More TV Memories – The All-New Harry Hill Show.

The All-New Harry Hill Show (ITV1, 2003)

After Harry Hill left Channel 4, he moved to ITV1 in 2001 and launched his long-running TV Burp show. After this started to become successful, the decision was made to revive his comedy show which had run for three series on Channel 4. Although it seems that some consider this to be a direct follow-on from that series, I feel that there are enough differences for me to give this a separate review.

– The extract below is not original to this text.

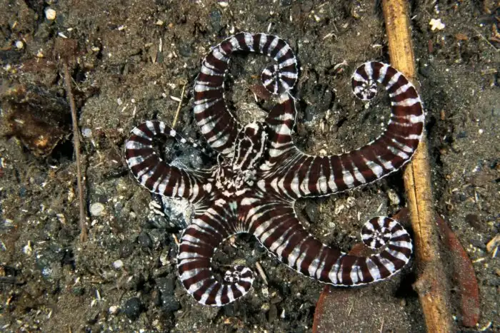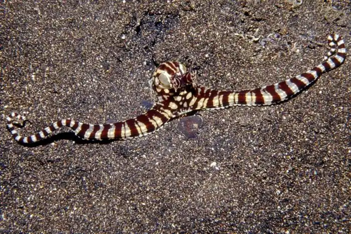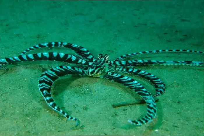 Конечно, человек сразу сообразит в чем подвох, но дурить морских хищников у моллюска получается феноменально. Следите за руками: если головоногий подберёт под себя все щупальца, кроме двух, вытянет оставленные конечности в стороны и перекрасит их в черно-белую полоску, то таким нехитрым образом осьминог превращается в морскую змею, лежащую на дне.

Firstly, his regular bunch of characters from the Channel 4 series didn’t take part, meaning that there were no appearances from old favourites including Finsbury Park or Harry’s big brother Alan, although the terrific Stouffer The Cat did turn up occasionally. Instead Harry was assisted by a small old man who he insisted was the rowing champion Sir Steve Redgrave. After a rather energetic dance routine accompanied by a band in the studio, Harry would come on stage and tell some of his rather strange jokes. vlcsnap-00540

Features on the show included The Hamilton Challenge, the life of Robbie Williams told by ventriloquist dummies, a parody of News At Ten with Trevor McDonald, and the very exciting A Celebrity Hobby That You Didn’t Know About But Will In A Minute, where famous faces including Les Dennis would be interviewed by Harry to reveal the rather unusual thing that they have an interest in. vlcsnap-00541

Every edition ended with Harry performing a song, and then some of the studio audience came on to the stage to join Harry on a bouncy castle. You won’t see any badger parades around here! The All-New Harry Hill Show was shown on ITV1 fairly late on Sunday nights, meaning that the ratings weren’t that great, and some viewers felt that it was a little disappointing by comparison to the Channel 4 series, and it didn’t return. vlcsnap-00539

However, Harry did return for a similarly silly series called Harry Hill’s Shark-Infested Custard, which was aimed at a younger audience and shown on CITV. Harry has certainly been done a variety of things over the years, including starring in his own film, making a album, writing various books, becoming the cover star of The Dandy (although he couldn’t save it from closing shortly after), and also hosting other TV shows including Harry Hill’s Alien Fun Capsule that I might review soon too. But his revival of Stars In Their Eyes? Ooh no, I’m not going anywhere near that one! vlcsnap-00542

It is rather disappointing to think that little of Harry’s TV work has been released on DVD. Hopefully that will change one day because Harry has made some of the more entertainingly bizarre comedy shows that have appeared on British TV stretching back almost 25 years now, and I (along with many others I’m sure) certainly wouldn’t hesitate in buying any boxsets of his shows.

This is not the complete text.